Il est souvent révélateur d’assister à un spectacle en fin de tournée, pour voir si on s’est contenté de servir la même recette, ou si on a développé de nouvelles saveurs. Or, tout indique que «La science du coeur», louangé lors de sa première montréalaise en 2017, s’est transformé à certains points de vue, au grand plaisir des fans qui remplissaient le Théâtre Outremont, mercredi soir, malgré la tempête et les bancs de neige dans les rues !
Bien sûr, à la base, on retrouve les magnifiques chansons de «La science du coeur» («Album de l’année – adulte contemporain», au dernier Gala de l’ADISQ). Après avoir ouvert le bal avec «Il est honteux d’être humain», Lapointe, espiègle, lance une mise en garde aux spectateurs déprimés, laissant entendre que les thèmes abordés au cours du concert pourraient aggraver leur cas. «Vous n’êtes pas à un spectacle de la Compagnie créole», renchérit-il. Jouant à fond la carte de l’auto-dérision, il présente «Le retour d’un amour» en racontant l’histoire pathétique d’un ami qui pourrait bien être l’auteur de «La forêt des mal aimés».

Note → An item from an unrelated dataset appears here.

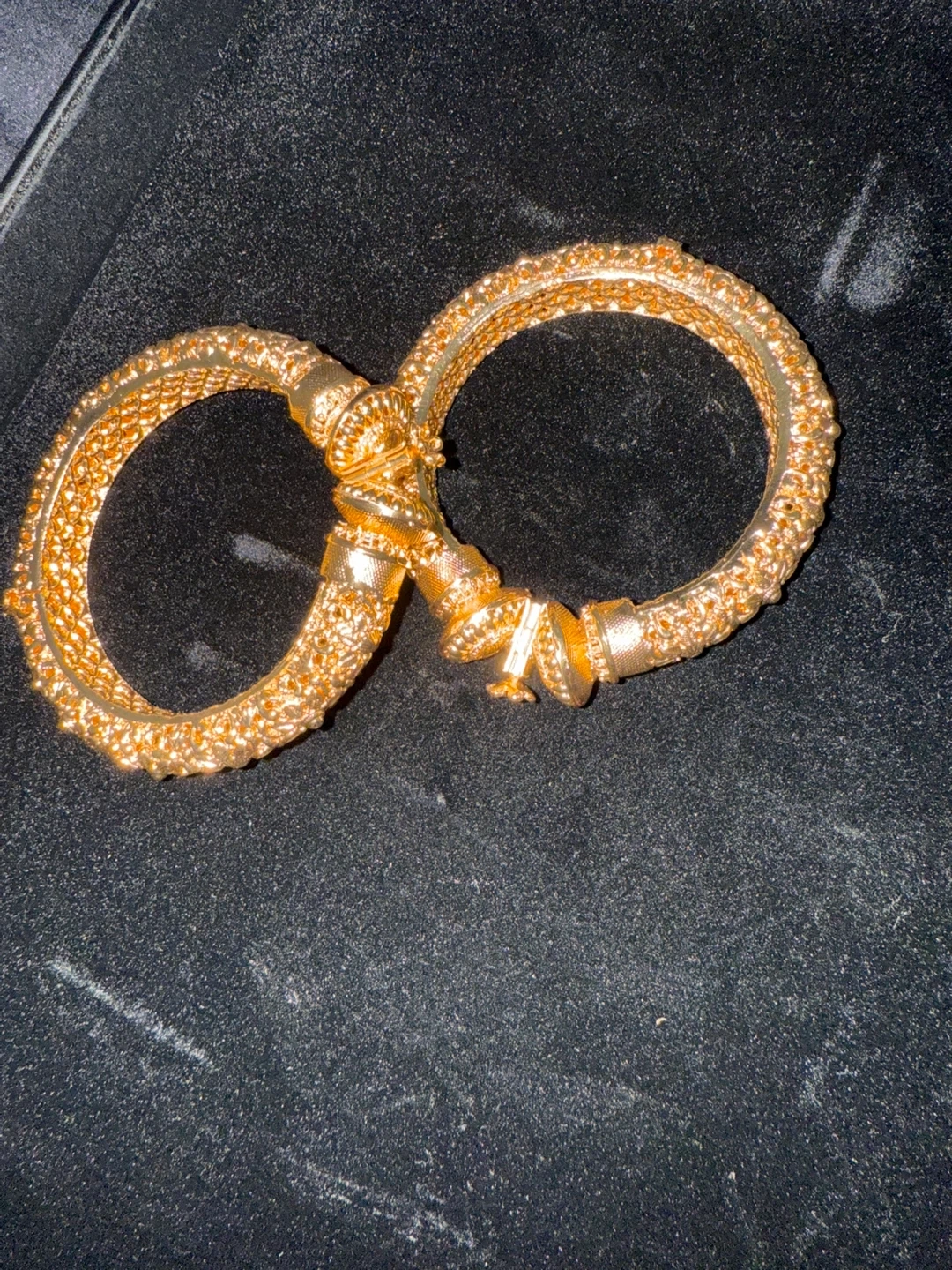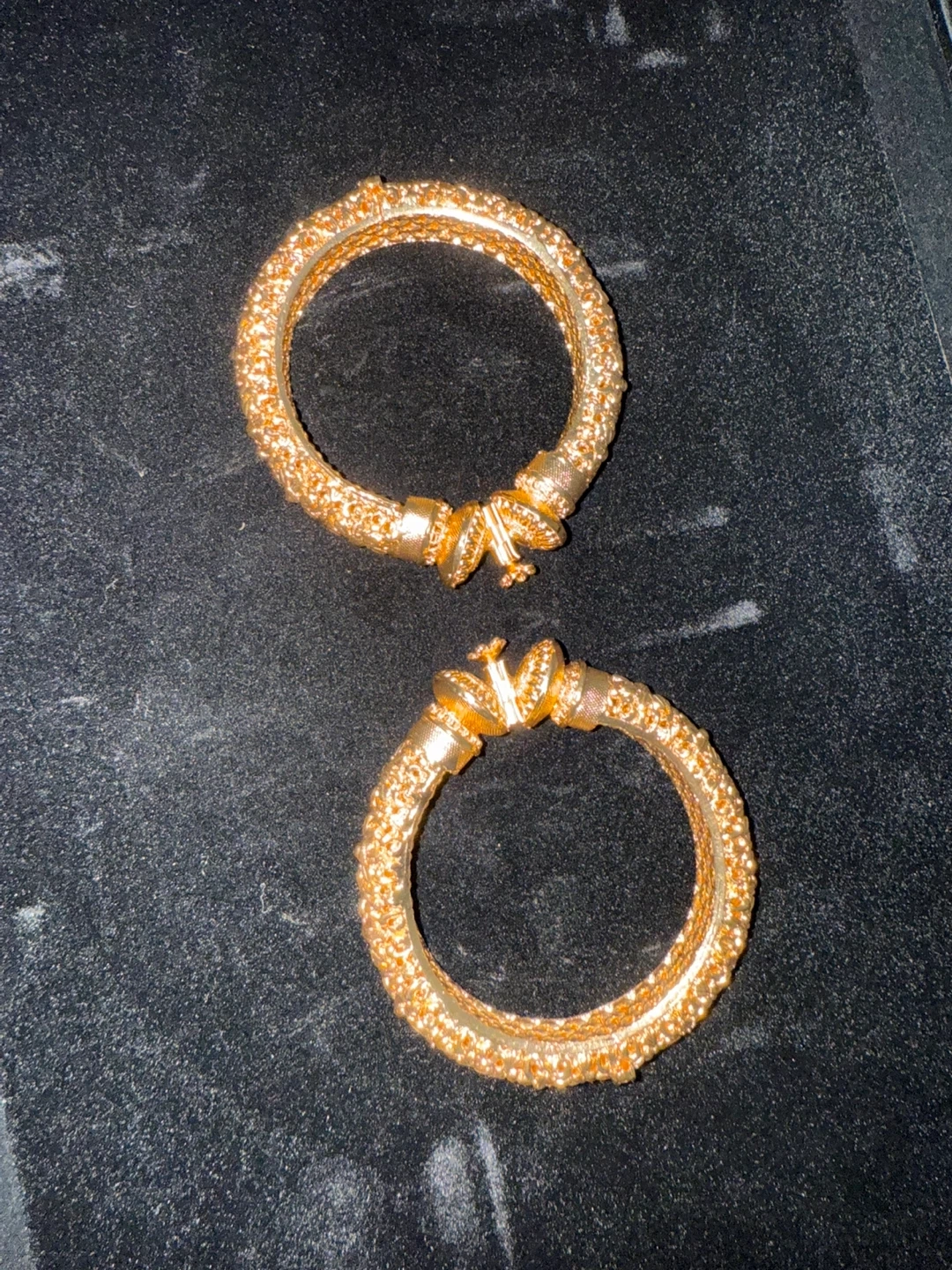 Selling a pair of gold brass bangles! It would be a lovely addition to any outfit

On a aussi conservé le magnifique dispositif ovale de bâtons de lumière (plus long derrière et plus courts devant) qui changent de couleurs et créent des ambiances différentes en fonction de la musique. Mais, avec ou sans éclairages raffinés, le chanteur, très en voix, sait émouvoir, même seul au piano comme pour «Je déteste ma vie.» Parfaitement à l’aise avec les ingénieux arrangements pour piano et marimba de David François Moreau, celui qu’on surnomme «Le grand Pierre» nous donne parfois l’impression de naviguer non loin de certaines musiques de Philip Glass ou Steve Reich. En plus du remarquable marimbiste João Catalão, Lapointe peut compter sur l’éblouissant pianiste de formation classique Philippe Chiu qui s’est joint à l’équipe en cours de route. Fort d’une évidente complicité avec ce dernier, l’interprète se risque à livrer deux immortelles de Kurt Weill, au rappel: «Bilbao» et «Youkali» qui, elle, n’aurait encore jamais été chantée par un homme. Audacieux et réussi! Décidément, «Le grand Pierre» a encore grandi en explorant «La science du coeur».